Bee Gardens: Flowers, Fruits and Herbs for a Bee-Friendly Habitat

You can provide resident honeybees and other pollinators with year-round nourishment — even in urban areas — by planting flowers, fruits and herbs that are rich in nectar and pollen.

  • Keeping Bees And Making Honey
    An estimated 70 percent of the food we eat is dependent upon pollination by insects such as bees. You can help support these vital, fascinating creatures by learning how to raise them yourself! Whether you want to keep bees for pleasure or profit, in the city or in a rural area, “Keeping Bees and Making Honey” can guide you every step of the way, from where to place your hive all the way up to how to best savor your first spot of “homegrown” honey.
  • Bee Gardens
    Lavender is hardy, pretty, easy to grow, smells lovely and is rich with nectar for bees.

  • Keeping Bees And Making Honey
  • Bee Gardens

The following is an excerpt from Keeping Bees and Making Honey by Alison Benjamin and Brian McCallum (F&W Media, 2008). This spectacular book offers an in-depth profile of nature’s most effective pollinator and covers all aspects of modern beekeeping, including where and when to get your bees, different types of hives, how to harvest and sell honey and beeswax, and even sensational recipes for Honey Cake, Mustard and Honey Salad Dressing, Spicy Chicken Wing Marinade, and more. This excerpt is from Chapter 7, “Gardening for Bees.” 

You may want to give your bees a helping hand when it comes to collecting pollen and nectar by planting bee-friendly flowers and shrubs in your garden or outside space. Even in a larger garden, you’ll unlikely have enough flowers to produce sufficient nectar to sustain a hive, so your bees will probably go farther afield — up to 3 miles — to find richer and denser sources of food. But the right flowers, fruit and vegetables in your garden will attract some of your own bees, as well as welcoming other visitors such as the bumblebee and solitary bee species. Above all, a garden or patch devoted to plants that are attractive to bees can be a source of great pleasure to any beekeeper, as much for the riot of color as for the activity of the bees.

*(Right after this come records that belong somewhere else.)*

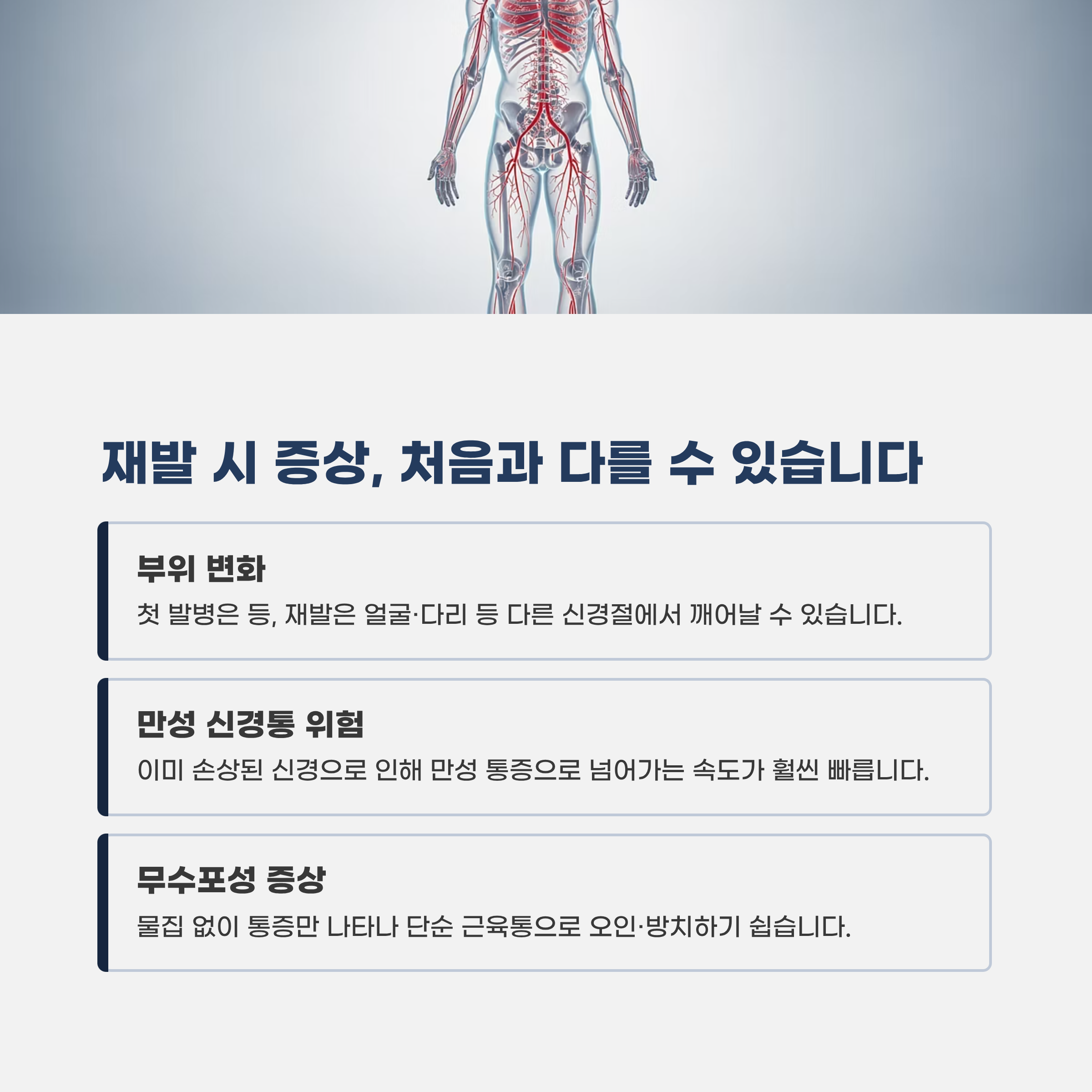 - 통증의 강도: 재발이라고 해서 반드시 더 아픈 것은 아니지만, 이미 신경이 한 차례 손상된 상태라면 만성 신경통으로 넘어가는 속도가 훨씬 빠를 수 있습니다.
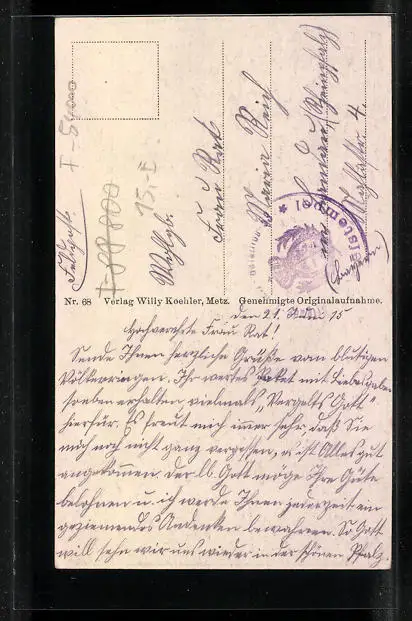 alte Ansichtskarte, gelaufen als Feldpost 1915, guter Zustand
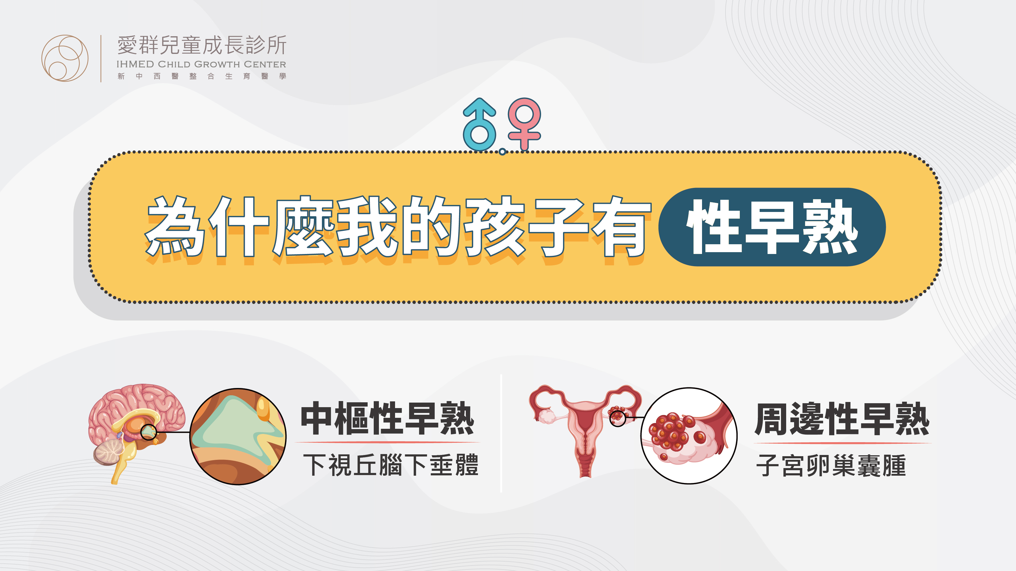 1、中樞型性早熟:屬於真實性早熟,因下視丘腦下垂體性線系統提早被活化所致,造成性腺提早成熟及第二性徵提早發育。

Two other important factors contribute to a successful bee garden: The flowers should be in full sunlight and should be planted in groups. Flowers grown singularly or in twos and threes may fail to attract bees. A decent-sized clump of a suitable plant, such as lavender, is much more valuable. Likewise, bees often overlook flowers grown in shade even though they may produce nectar and pollen.

Don’t place the plants too close to the hive thinking you are helping the bees by reducing the distance they have to travel to find food. Flowers very near a hive are in the firing line when the bees go on their toilet trips, so they sensibly avoid them as a food source.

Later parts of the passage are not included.